**ABOUT THIS TASK**. Set down the data below in full, exactly as it reads, but without the pictures.

**INPUT RECORDS**.
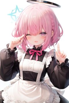 1girl, solo, apron, halo, hair over one eye, closed eyes, smile, white background, dress, white apron, simple background, long sleeves, multicolored hair, braid, open mouth, blue hair, alternate costume, blush, bangs, :d, pink hair, black dress, ribbon, frilled dress, enmaided, short hair, hand up, colored inner hair
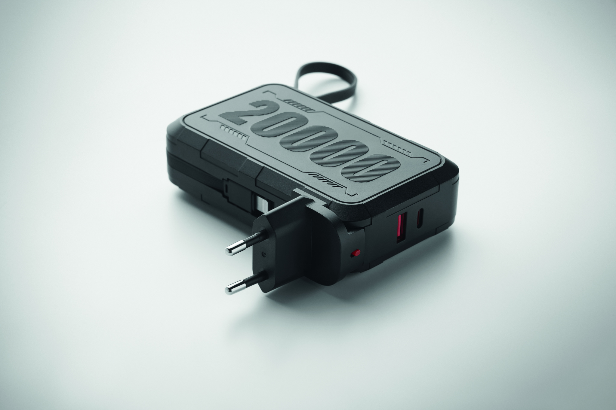 Power bank 20000 mAh in ABS with built-in US plug and removable AC plug. USB A and type-C in/out. Type-C and 2 in 1 pin integrated cables.
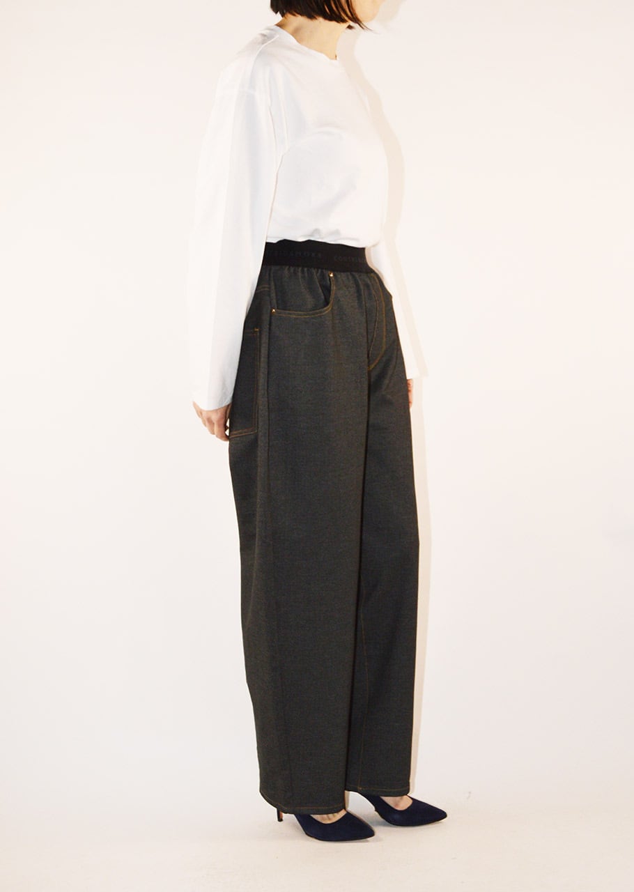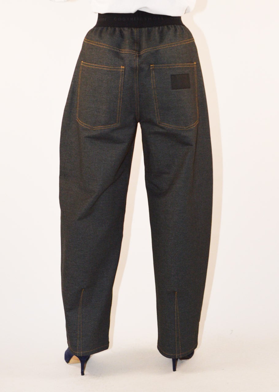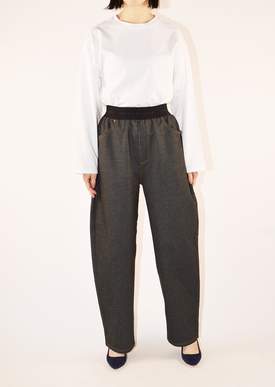 デニムのステッチやリベット、ヨークやポケットのディテールを再現したバレルシルエットのパンツ。とても軽くて全方向に伸びるストレッチを備えたコットンブレンドのジャージ素材。素材や着心地は快適に、ウエストはゴムの仕様でリラックスしたフィット感に仕上げています。裾脇の緩やかなカーブと、後ろ裾に入れた深めのダーツが立体感のある丸みを帯びたシルエットを生み出しています。
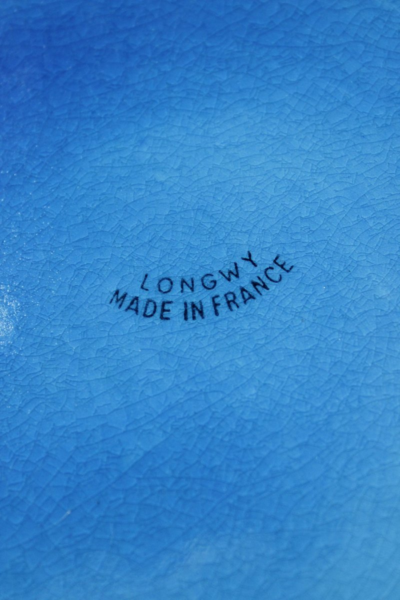 In beautiful condition, the only flaws to note are small, partially restored chips around the base. Longwy signature stamped underneath.
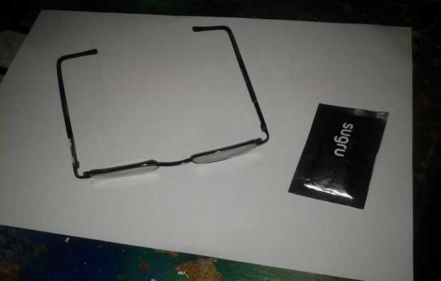 así que me senté en mi gafas hace un par de semanas y aunque no rompen entonces (incluso después de doblez/remodelación de les), cinco días atrás, en medio de ponérselos, cayó, y uno de los brazos interrumpió, justo en la bisagra.  Compra de un brazo
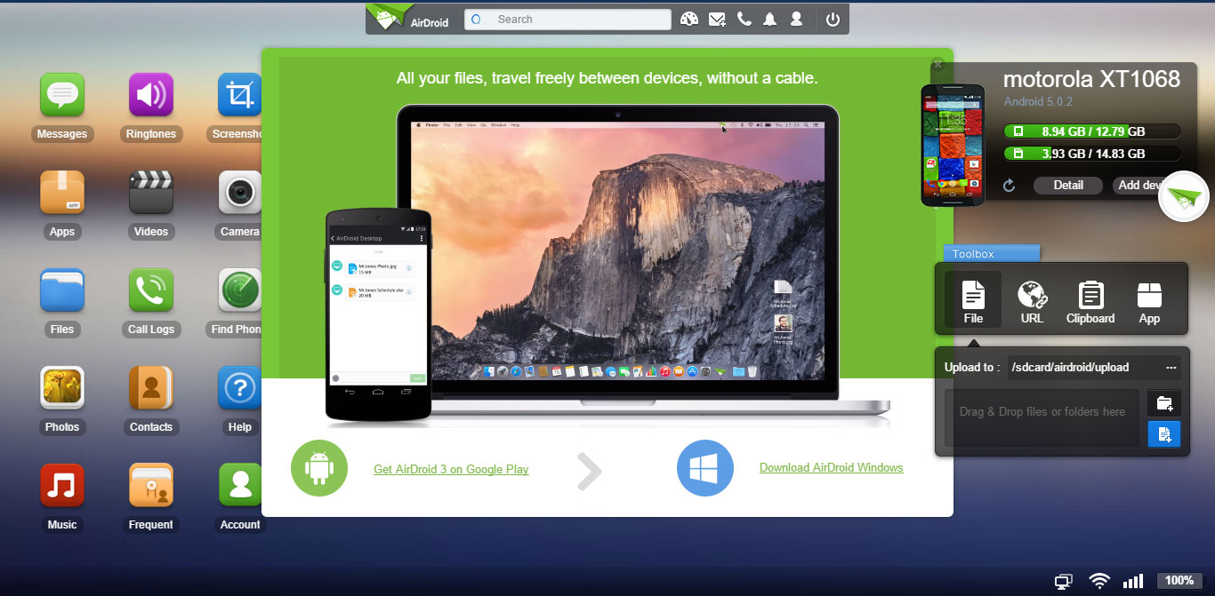 activities of Phone on PC, Mac or on Web browser remotely. AirDroid is
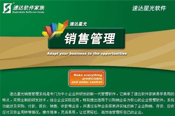 速达星光商品销售软件官方版是一款商品销售经营管理软件。速达星光商品销售软件官方版包含了商品采购、商品入库、商品信息管理、商品调拨、商品销售、仓库管理、仓库预警、仓库明细查询、权限管理、财务管理以及订单管理等主要功能。速达星光商品销售软件可以随时备份系统中的数据。
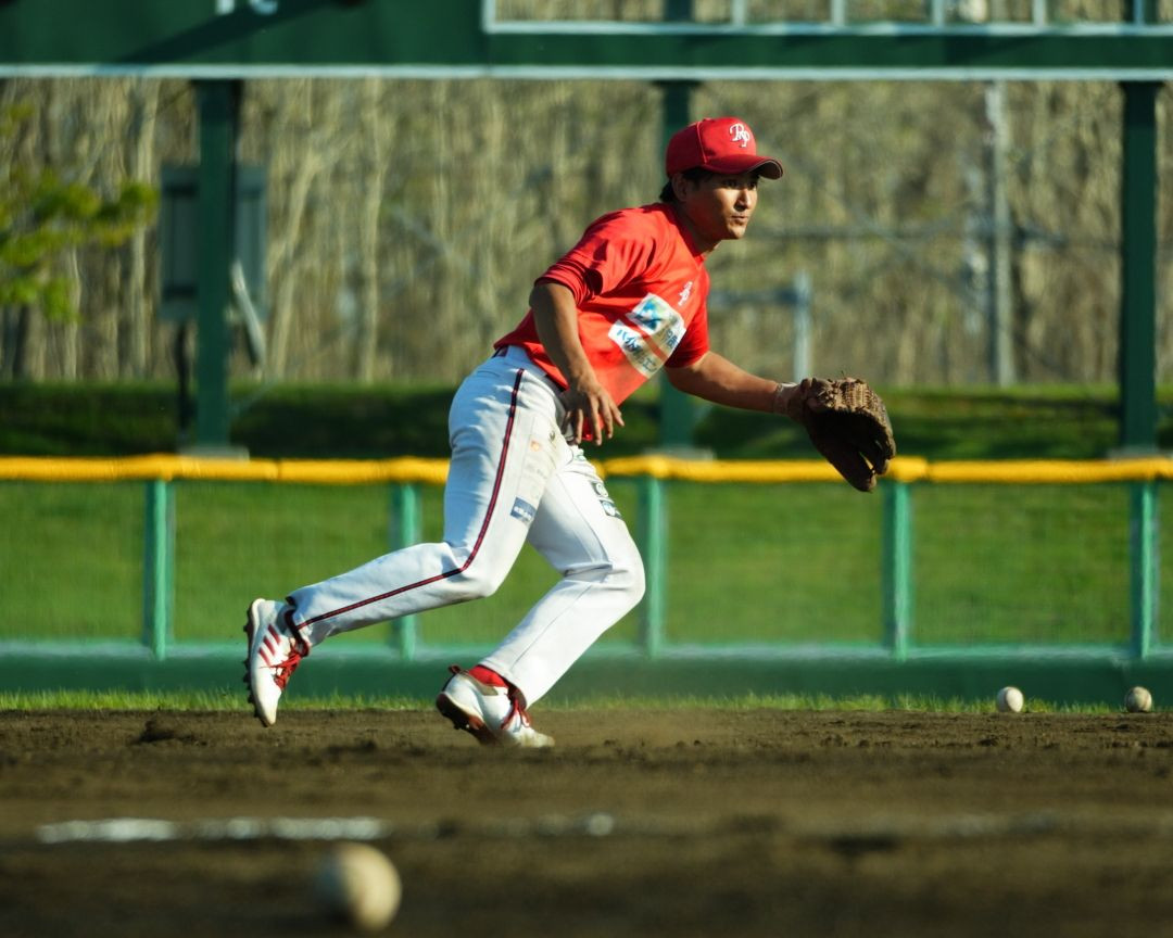 石狩レッドフェニックス 青葉公園野球場での守備練習の一コマ。 芹澤選手
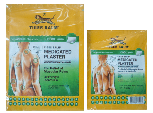 – พลาสเตอร์ บรรเทาปวดตราเสือ สูตรเย็น มีสองขนาด ดังนี้
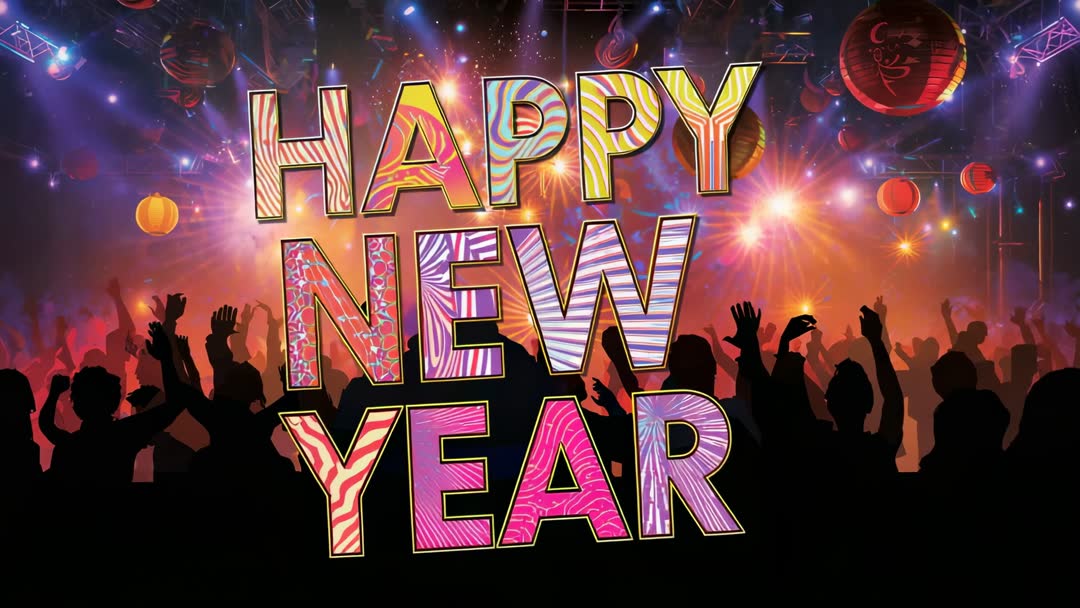 AI Generated Image. Featuring animated HAPPY NEW YEAR typography with changing fill patterns and pulsing stage lights, silhouetted crowd cheering and colorful lanterns creating high-energy festival vibe. Serving as loopable concert opener, social media countdown clip, livestream intro, or nightclub VJ visual, with strong beat-friendly cuts and bright neon color palette. Adding royalty-free party music, syncing cuts to beats, overlaying logo on lower third, and rendering seamless loop with fade are recommended for quick delivery. Rendering in 1920x1080 or 4K for broadcast, exporting alpha-enabled version for compositing, and using for event promos, corporate holiday greetings, website hero banners, email headers, or retail display signage.
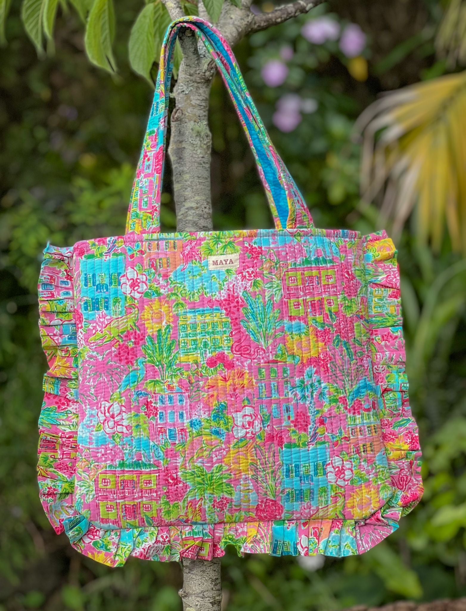 Our handmade cotton frill tote bags are the trusty sidekick for the modern maven on the go! At Maya Studio, we pride ourselves on crafting universally appreciated home goods with a practical use for the modern consumer. Our tote bags reflect a versatile aesthetic captured in a crisp and clean accessory smartly slung over your shoulder.
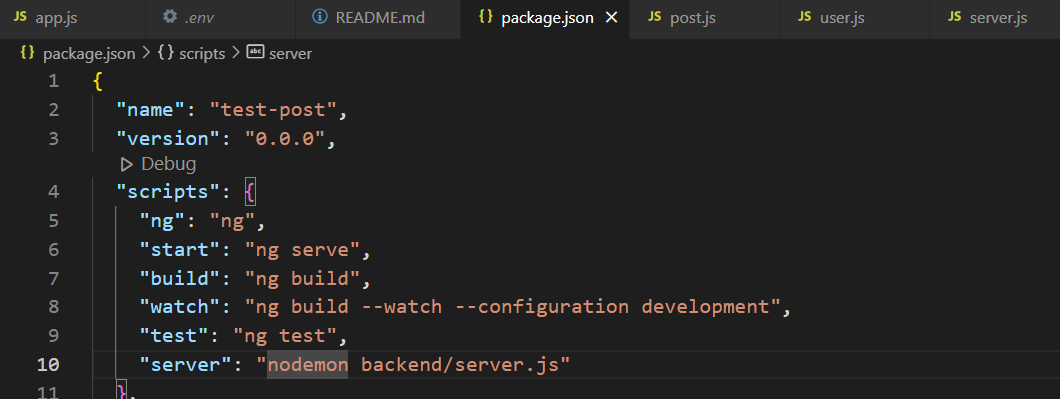 package.json파일을 열고 스크립트 칸에 노드몬 커맨드 추가
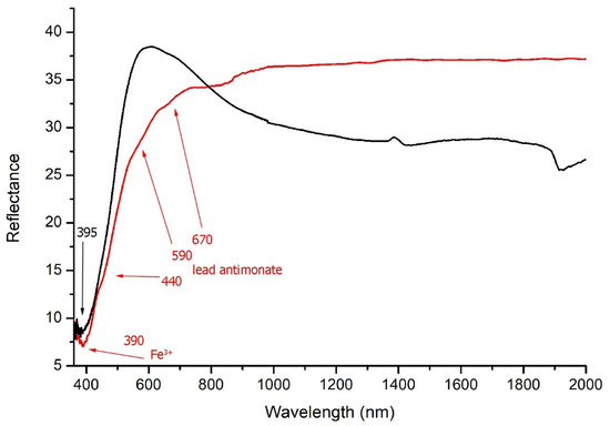 In contrast, the high-Sb series was mainly represented by samples from US 1095 and could be characterized by a general increase in Sb (up to 0.40 wt%) followed by a progressive decrease in Sn (0.03–0.28 wt%), with Pb ranging between 1.67 and 8.56 wt%. The Raman spectra (Figure 3a) showed a strong band at 510 cm−1 related to the stretching of the SbO6 octahedra, together with weaker bands in the range 200–400 cm−1 assigned to vibrational modes of both Sb–O and Pb–O bonds. The presence of a strong peak at 140 cm−1 was related to the Pb–O lattice vibration modes. The FORS spectra (Figure 5, red line) were characterized by the typical absorption bands of Fe3+ and Fe2+, respectively at 390 nm and 1040 nm. An intense signal at 440 nm, together with a shoulder at 590 and a further, but less intense, band around 670 nm, were related to the presence of lead antimonate [51].
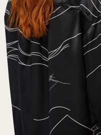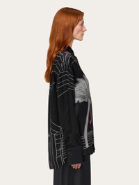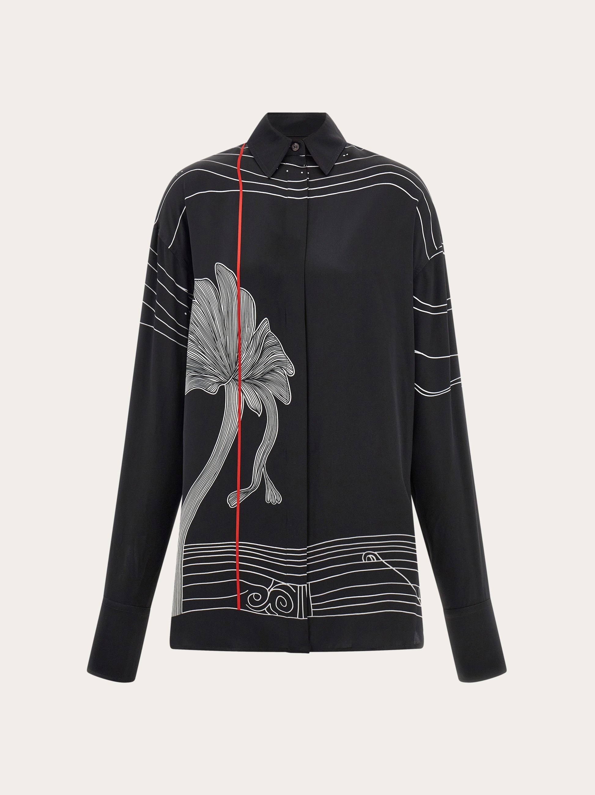 The uncanny dreamlike motif depicted on this satin dress is called Spirit, a design that runs throughout this season’s collection. The vertical red line that runs through it echoes a current appeal whose minimal construction includes an oversized fit with drop shoulder, covered placket and asymmetrical hem. Worn open it reveals a coordinated printed inside. - Composition: 100% silk - Made in ITALY - Product code: 13G298 778030
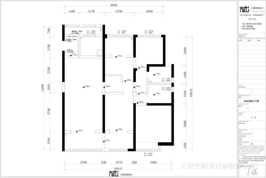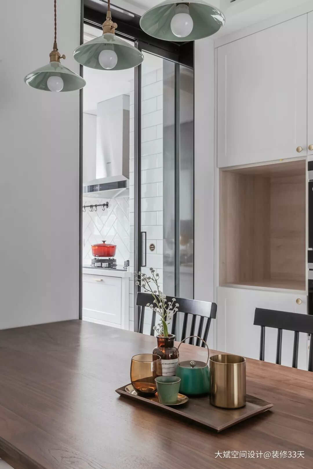▲ 餐厅望向厨房视角,采用黑框玻璃移门隔离油烟,厨房玻璃移门嵌入在北边墙体及高柜之间
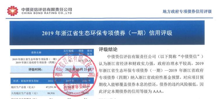 经中债资信评估有限责任公司综合评定,2019年浙江省生态环保专项债券(一期)--2019年浙江省政府专项债券(四期)信用评级为AAA。
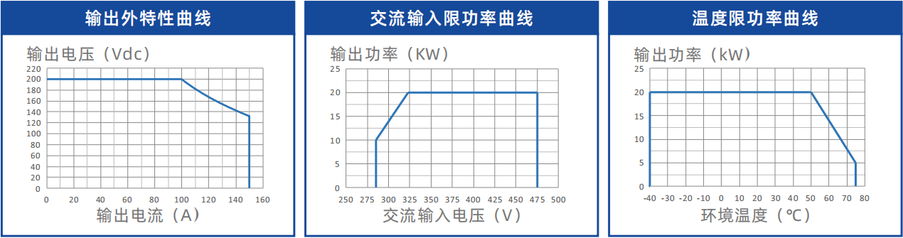名称 参数 基本指标 尺寸 85mm(高)×226mm(宽)×390mm(深) 重量 ≤ 11kg 效率 ( 满载 ) >95.5% 静态功耗 < 8W 散热方式 强制风冷 通信方式 CAN 总线 并机数量 ≤ 60 个 指示灯 绿色 : 正常运行 黄色 : 保护报警 红色 : 故障报警 输入特性 输入电压 285Vac ~ 475Vac,三相 + 保护地 输入电流 < 40A 电网频率 45Hz ~ 65Hz 功率因数 ≥ 0.99 ITHD ≤ 5% 输出特性 输出功率 20kW@输出电压≥133.3Vdc 电压范围 60Vdc~ 200Vdc,缺省值:60Vdc 电流范围 0A ~ 150A 稳压精度 ≤ ±0.5% 稳流精度 ≤ ±1% 均流不平衡度 ≤ ±5% 纹波峰峰值 ≤ 1% 环境条件 工作温度 - 40℃~+ 75℃,50℃不降额 储存温度 - 40℃~+ 75℃ 相对湿度 ≤ 95% RH,无冷凝 海拔高度 ≤ 2000m 无需降额 ;>1000m需设置实际海拔值 , 每升高 100m工作温度降低 1℃ MTBF >500,000 小时 告警及保护 输入过 / 欠压 关机可自动恢复 输出过压 关机需手动恢复 过流及短路 关机需手动恢复 过温 关机可自动恢复

**FINISHED TASK**.
 1girl, solo, apron, halo, hair over one eye, closed eyes, smile, white background, dress, white apron, simple background, long sleeves, multicolored hair, braid, open mouth, blue hair, alternate costume, blush, bangs, :d, pink hair, black dress, ribbon, frilled dress, enmaided, short hair, hand up, colored inner hair
 Power bank 20000 mAh in ABS with built-in US plug and removable AC plug. USB A and type-C in/out. Type-C and 2 in 1 pin integrated cables.
 デニムのステッチやリベット、ヨークやポケットのディテールを再現したバレルシルエットのパンツ。とても軽くて全方向に伸びるストレッチを備えたコットンブレンドのジャージ素材。素材や着心地は快適に、ウエストはゴムの仕様でリラックスしたフィット感に仕上げています。裾脇の緩やかなカーブと、後ろ裾に入れた深めのダーツが立体感のある丸みを帯びたシルエットを生み出しています。
 In beautiful condition, the only flaws to note are small, partially restored chips around the base. Longwy signature stamped underneath.
 así que me senté en mi gafas hace un par de semanas y aunque no rompen entonces (incluso después de doblez/remodelación de les), cinco días atrás, en medio de ponérselos, cayó, y uno de los brazos interrumpió, justo en la bisagra.  Compra de un brazo
 activities of Phone on PC, Mac or on Web browser remotely. AirDroid is
 速达星光商品销售软件官方版是一款商品销售经营管理软件。速达星光商品销售软件官方版包含了商品采购、商品入库、商品信息管理、商品调拨、商品销售、仓库管理、仓库预警、仓库明细查询、权限管理、财务管理以及订单管理等主要功能。速达星光商品销售软件可以随时备份系统中的数据。
 石狩レッドフェニックス 青葉公園野球場での守備練習の一コマ。 芹澤選手
 – พลาสเตอร์ บรรเทาปวดตราเสือ สูตรเย็น มีสองขนาด ดังนี้
 AI Generated Image. Featuring animated HAPPY NEW YEAR typography with changing fill patterns and pulsing stage lights, silhouetted crowd cheering and colorful lanterns creating high-energy festival vibe. Serving as loopable concert opener, social media countdown clip, livestream intro, or nightclub VJ visual, with strong beat-friendly cuts and bright neon color palette. Adding royalty-free party music, syncing cuts to beats, overlaying logo on lower third, and rendering seamless loop with fade are recommended for quick delivery. Rendering in 1920x1080 or 4K for broadcast, exporting alpha-enabled version for compositing, and using for event promos, corporate holiday greetings, website hero banners, email headers, or retail display signage.
 Our handmade cotton frill tote bags are the trusty sidekick for the modern maven on the go! At Maya Studio, we pride ourselves on crafting universally appreciated home goods with a practical use for the modern consumer. Our tote bags reflect a versatile aesthetic captured in a crisp and clean accessory smartly slung over your shoulder.
 package.json파일을 열고 스크립트 칸에 노드몬 커맨드 추가
 In contrast, the high-Sb series was mainly represented by samples from US 1095 and could be characterized by a general increase in Sb (up to 0.40 wt%) followed by a progressive decrease in Sn (0.03–0.28 wt%), with Pb ranging between 1.67 and 8.56 wt%. The Raman spectra (Figure 3a) showed a strong band at 510 cm−1 related to the stretching of the SbO6 octahedra, together with weaker bands in the range 200–400 cm−1 assigned to vibrational modes of both Sb–O and Pb–O bonds. The presence of a strong peak at 140 cm−1 was related to the Pb–O lattice vibration modes. The FORS spectra (Figure 5, red line) were characterized by the typical absorption bands of Fe3+ and Fe2+, respectively at 390 nm and 1040 nm. An intense signal at 440 nm, together with a shoulder at 590 and a further, but less intense, band around 670 nm, were related to the presence of lead antimonate [51].
 The uncanny dreamlike motif depicted on this satin dress is called Spirit, a design that runs throughout this season’s collection. The vertical red line that runs through it echoes a current appeal whose minimal construction includes an oversized fit with drop shoulder, covered placket and asymmetrical hem. Worn open it reveals a coordinated printed inside. - Composition: 100% silk - Made in ITALY - Product code: 13G298 778030
▲ 餐厅望向厨房视角,采用黑框玻璃移门隔离油烟,厨房玻璃移门嵌入在北边墙体及高柜之间
 经中债资信评估有限责任公司综合评定,2019年浙江省生态环保专项债券(一期)--2019年浙江省政府专项债券(四期)信用评级为AAA。
名称 参数 基本指标 尺寸 85mm(高)×226mm(宽)×390mm(深) 重量 ≤ 11kg 效率 ( 满载 ) >95.5% 静态功耗 < 8W 散热方式 强制风冷 通信方式 CAN 总线 并机数量 ≤ 60 个 指示灯 绿色 : 正常运行 黄色 : 保护报警 红色 : 故障报警 输入特性 输入电压 285Vac ~ 475Vac,三相 + 保护地 输入电流 < 40A 电网频率 45Hz ~ 65Hz 功率因数 ≥ 0.99 ITHD ≤ 5% 输出特性 输出功率 20kW@输出电压≥133.3Vdc 电压范围 60Vdc~ 200Vdc,缺省值:60Vdc 电流范围 0A ~ 150A 稳压精度 ≤ ±0.5% 稳流精度 ≤ ±1% 均流不平衡度 ≤ ±5% 纹波峰峰值 ≤ 1% 环境条件 工作温度 - 40℃~+ 75℃,50℃不降额 储存温度 - 40℃~+ 75℃ 相对湿度 ≤ 95% RH,无冷凝 海拔高度 ≤ 2000m 无需降额 ;>1000m需设置实际海拔值 , 每升高 100m工作温度降低 1℃ MTBF >500,000 小时 告警及保护 输入过 / 欠压 关机可自动恢复 输出过压 关机需手动恢复 过流及短路 关机需手动恢复 过温 关机可自动恢复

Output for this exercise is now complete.